This guide covers importing a peptide dataset from a HELM file (CSV/Excel) or an SDF, supplying a monomer library, and configuring peptide-specific options.
The Peptide dataset type is only available when the peptide plugin is enabled for your organization. If you do not see it, contact your administrator.
Step 1: Open the New Dataset wizard
From the Home page, click the Create Dataset card (or New → Create Dataset in the left navigation). The New Dataset wizard opens with three steps: Dataset Information, Properties Configuration, and Import Status.
Step 2: Choose the Peptide dataset type
Under Dataset Type, select Peptide.

Then choose the target Project and the Dataset File.
Accepted file formats for peptides:
| Format | Notes |
|---|---|
CSV / Excel (.csv, .csv.gz, .xlsx) |
Tabular files with a HELM column (required columns ID, Name, HELM; extra columns become properties). HELM references monomers by symbol only, so a monomer library is needed for any monomer not already in the Monomer Service. |
SDF (.sdf, .sd, .sdf.gz, .sd.gz) |
A V3000 SDF that carries the peptides and a monomer template for each monomer. The embedded templates are used to register any missing monomers on the Monomer Service, so no separate monomer library is needed. |
Use the Download peptide dataset templates links (CSV / Excel) in the dialog to start from a correctly formatted file. A minimal row looks like PEP001, Example Peptide, PEPTIDE1{A.G.K.L}$$$$.
Step 3: Supply a monomer library (CSV/Excel imports only)
A Monomer Library File maps each monomer symbol to its chemical structure so Ideation can register monomers that are not yet in the Monomer Service. It is needed only for CSV/Excel (HELM) imports — HELM references monomers by symbol without carrying their structures — and the picker appears only for those files.

The library maps each monomer symbol to its structure. At minimum it needs aSymbol and a CTAB (structure) column; Name, Short Name, and Natural Analog are optional. It can be a CSV, Excel, or SDF file.
For SDF dataset imports you do not provide a monomer library. A V3000 SDF already embeds a monomer template for every monomer, and those templates are used to register any missing monomers on the Monomer Service automatically — which is why the picker does not appear for SDF files.
Step 4: Configure peptide-specific options
Click Next. On the Properties Configuration step, a Peptide Specific Configuration section appears:

- HELM Column — the column that holds the HELM sequence notation (tabular imports only; auto-detected when named
HELM). - Reference Peptide — the peptide used by default as the basis for SAR slides created from this dataset. You can change it later per report.
Select and configure at least one main property, then submit.
Step 5: Watch the import
The final Import Status step shows the peptide import timeline:
Initializing → Registering Monomers → Parsing Peptide Sequences → Ready
The Registering Monomers stage runs when a monomer library was supplied, or when the dataset is a V3000 SDF (whose embedded monomer templates are registered on the Monomer Service).
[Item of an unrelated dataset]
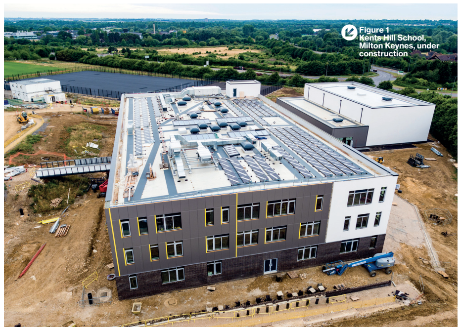
Figure 1 Kents Hill School, Milton Keynes, under construction

The decision to go for her chartership at a relatively young age was prompted by some encouragement during some time off work. 'I'd embarked on the ICE [Institution of Civil Engineers] route as it was encouraged at WSP, and seemed a quicker route to chartership, but I struggled to fit myself into the commercial boxes that it demands.

When the dataset reaches Ready, it opens on the dataset page.
Registration only adds monomers that are new to the Monomer Service. Monomers whose symbol already exists there are used as-is and are never overwritten or updated — so a library or SDF cannot change a monomer that other datasets already rely on. The service also runs a duplication check on structure: if the same monomer is already registered under a different symbol, it is matched to that existing entry (as an alias) rather than registered again.
If some peptides reference monomers that could not be resolved, they are imported with their HELM sequence preserved but without full structure or properties, and the dataset is flagged with a skipped-structures warning. See How to Resolve Missing Monomers.